Exercise instructions:
From the line containing "300至350分之间,江苏省" to the last line of the records, please reproduce every line exactly and nothing more.
---------- Raw data ----------
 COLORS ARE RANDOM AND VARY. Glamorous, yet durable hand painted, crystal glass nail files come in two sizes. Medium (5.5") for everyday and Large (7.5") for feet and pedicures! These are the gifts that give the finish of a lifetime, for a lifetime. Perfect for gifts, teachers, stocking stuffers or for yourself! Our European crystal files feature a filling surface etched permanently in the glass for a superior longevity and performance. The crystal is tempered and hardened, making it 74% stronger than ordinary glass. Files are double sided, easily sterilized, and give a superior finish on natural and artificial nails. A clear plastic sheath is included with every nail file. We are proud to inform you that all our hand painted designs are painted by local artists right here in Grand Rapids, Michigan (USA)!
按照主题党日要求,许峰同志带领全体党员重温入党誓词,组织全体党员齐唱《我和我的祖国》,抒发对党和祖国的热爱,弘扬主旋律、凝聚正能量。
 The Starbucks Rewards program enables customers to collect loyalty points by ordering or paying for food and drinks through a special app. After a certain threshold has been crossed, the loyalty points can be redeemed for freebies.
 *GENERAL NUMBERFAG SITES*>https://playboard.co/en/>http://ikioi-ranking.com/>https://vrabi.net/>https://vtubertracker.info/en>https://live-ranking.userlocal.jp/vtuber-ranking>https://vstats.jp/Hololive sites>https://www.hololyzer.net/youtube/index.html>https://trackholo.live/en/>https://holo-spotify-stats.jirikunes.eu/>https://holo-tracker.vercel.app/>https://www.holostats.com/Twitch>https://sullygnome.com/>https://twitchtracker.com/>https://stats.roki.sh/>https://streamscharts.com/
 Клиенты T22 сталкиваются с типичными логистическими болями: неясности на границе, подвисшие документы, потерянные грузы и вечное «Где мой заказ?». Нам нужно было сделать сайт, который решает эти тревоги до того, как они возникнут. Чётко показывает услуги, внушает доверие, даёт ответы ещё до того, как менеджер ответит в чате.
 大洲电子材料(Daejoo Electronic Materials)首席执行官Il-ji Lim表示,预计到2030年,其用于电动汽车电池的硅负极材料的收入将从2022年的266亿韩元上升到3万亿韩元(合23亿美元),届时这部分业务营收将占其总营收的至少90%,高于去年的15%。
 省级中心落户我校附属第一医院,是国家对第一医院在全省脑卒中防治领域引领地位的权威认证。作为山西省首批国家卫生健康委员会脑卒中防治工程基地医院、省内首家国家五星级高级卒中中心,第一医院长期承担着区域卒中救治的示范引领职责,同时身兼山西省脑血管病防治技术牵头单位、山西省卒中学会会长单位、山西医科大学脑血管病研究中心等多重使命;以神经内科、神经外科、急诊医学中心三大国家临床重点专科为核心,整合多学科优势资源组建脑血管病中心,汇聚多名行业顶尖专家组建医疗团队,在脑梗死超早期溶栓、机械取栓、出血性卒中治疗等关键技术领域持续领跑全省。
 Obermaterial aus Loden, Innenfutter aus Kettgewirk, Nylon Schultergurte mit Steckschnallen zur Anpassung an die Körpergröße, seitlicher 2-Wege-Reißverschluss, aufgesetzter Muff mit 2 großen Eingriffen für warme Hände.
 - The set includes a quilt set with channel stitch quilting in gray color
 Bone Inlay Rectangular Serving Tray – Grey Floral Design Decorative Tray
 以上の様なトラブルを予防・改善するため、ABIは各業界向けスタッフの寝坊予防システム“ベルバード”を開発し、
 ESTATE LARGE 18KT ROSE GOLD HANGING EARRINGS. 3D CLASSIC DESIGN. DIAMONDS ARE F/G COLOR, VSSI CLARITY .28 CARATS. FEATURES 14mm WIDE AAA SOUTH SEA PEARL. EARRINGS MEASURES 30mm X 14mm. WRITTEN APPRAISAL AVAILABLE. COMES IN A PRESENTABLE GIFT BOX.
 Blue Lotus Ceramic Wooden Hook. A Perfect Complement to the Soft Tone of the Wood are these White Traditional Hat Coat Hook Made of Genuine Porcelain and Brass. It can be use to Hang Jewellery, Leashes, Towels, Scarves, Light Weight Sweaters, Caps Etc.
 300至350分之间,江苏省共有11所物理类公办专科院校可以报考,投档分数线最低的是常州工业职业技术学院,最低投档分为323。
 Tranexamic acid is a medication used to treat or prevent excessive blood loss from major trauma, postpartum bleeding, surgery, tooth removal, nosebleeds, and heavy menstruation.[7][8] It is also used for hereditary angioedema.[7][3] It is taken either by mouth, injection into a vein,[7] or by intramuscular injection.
----------
Finished task:
 300至350分之间,江苏省共有11所物理类公办专科院校可以报考,投档分数线最低的是常州工业职业技术学院,最低投档分为323。
 Tranexamic acid is a medication used to treat or prevent excessive blood loss from major trauma, postpartum bleeding, surgery, tooth removal, nosebleeds, and heavy menstruation.[7][8] It is also used for hereditary angioedema.[7][3] It is taken either by mouth, injection into a vein,[7] or by intramuscular injection.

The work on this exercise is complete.